(Task prompt):
The answer is to be the data that follows, transcribed exactly, minus its pictures.
━━━━━ Task data
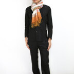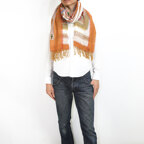 スタンダードな大判サイズで、首に巻くことはもちろん、室内でのひざ掛けにも、肩から羽織る使い方もできます。特に羽織りは、パッと華やかにエレガントな雰囲気に変わります。上半身を覆えるので、着ている服を気にせず合わせることができます。忙しい朝もコーディネートを気にする必要はありません。
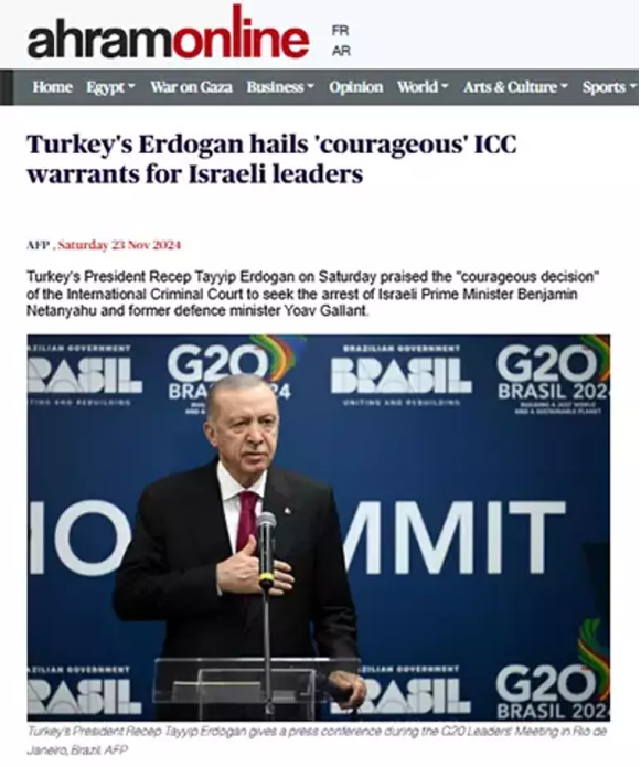Middle East Eye, 'Erdoğan Uluslararası Ceza Mahkemesi'nin İsrailli liderler için aldığı 'cesur' tutuklama emirlerini selamlıyor' başlığıyla okurlarının karşısına çıktı.
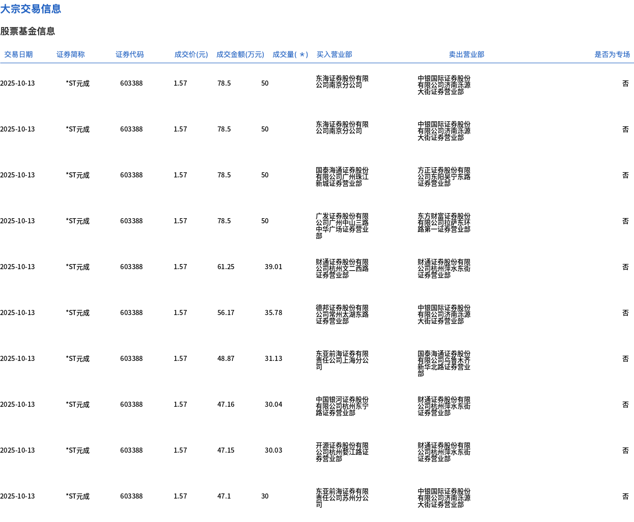 10月13日,*ST元成大宗交易成交395.99万股,成交额621.7万元,占当日总成交额的66.61%,成交价1.57元,较市场收盘价1.57元持平。
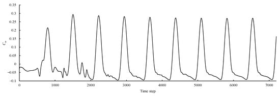 The simulation was set to calculate the tenth cycle. Figure 3 shows the relationship between the instantaneous moment coefficient of a single blade and the number of steps when the wind turbine rotates 10 times when the tip speed ratio is 2. It can be seen that the last two revolutions converged stably.
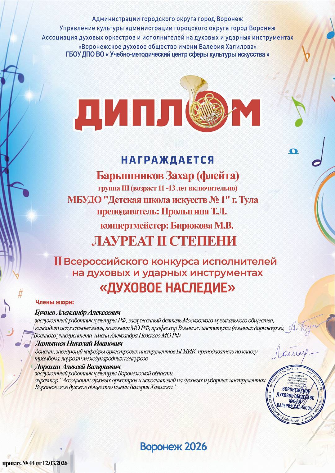 13 апреля 2026, Понедельник 12:04 Просмотров: 4Поздравляем Захара Барышникова, преподаватель Пролыгина Татьяна Львовна, концертмейстер Бирюкова Марина Викторовна, с Дипломом лауреата II степени II Всероссийского конкурса исполнителей на духовых и ударных инструментах «Духовое наследие» (г.Воронеж).
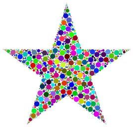 Keywords: colorful prismatic chromatic rainbow circles dots star geometric abstract art vector svg
━━━━━━━━━━
(Answer to this task):
 スタンダードな大判サイズで、首に巻くことはもちろん、室内でのひざ掛けにも、肩から羽織る使い方もできます。特に羽織りは、パッと華やかにエレガントな雰囲気に変わります。上半身を覆えるので、着ている服を気にせず合わせることができます。忙しい朝もコーディネートを気にする必要はありません。
Middle East Eye, 'Erdoğan Uluslararası Ceza Mahkemesi'nin İsrailli liderler için aldığı 'cesur' tutuklama emirlerini selamlıyor' başlığıyla okurlarının karşısına çıktı.
 10月13日,*ST元成大宗交易成交395.99万股,成交额621.7万元,占当日总成交额的66.61%,成交价1.57元,较市场收盘价1.57元持平。
 The simulation was set to calculate the tenth cycle. Figure 3 shows the relationship between the instantaneous moment coefficient of a single blade and the number of steps when the wind turbine rotates 10 times when the tip speed ratio is 2. It can be seen that the last two revolutions converged stably.
 13 апреля 2026, Понедельник 12:04 Просмотров: 4Поздравляем Захара Барышникова, преподаватель Пролыгина Татьяна Львовна, концертмейстер Бирюкова Марина Викторовна, с Дипломом лауреата II степени II Всероссийского конкурса исполнителей на духовых и ударных инструментах «Духовое наследие» (г.Воронеж).
 Keywords: colorful prismatic chromatic rainbow circles dots star geometric abstract art vector svg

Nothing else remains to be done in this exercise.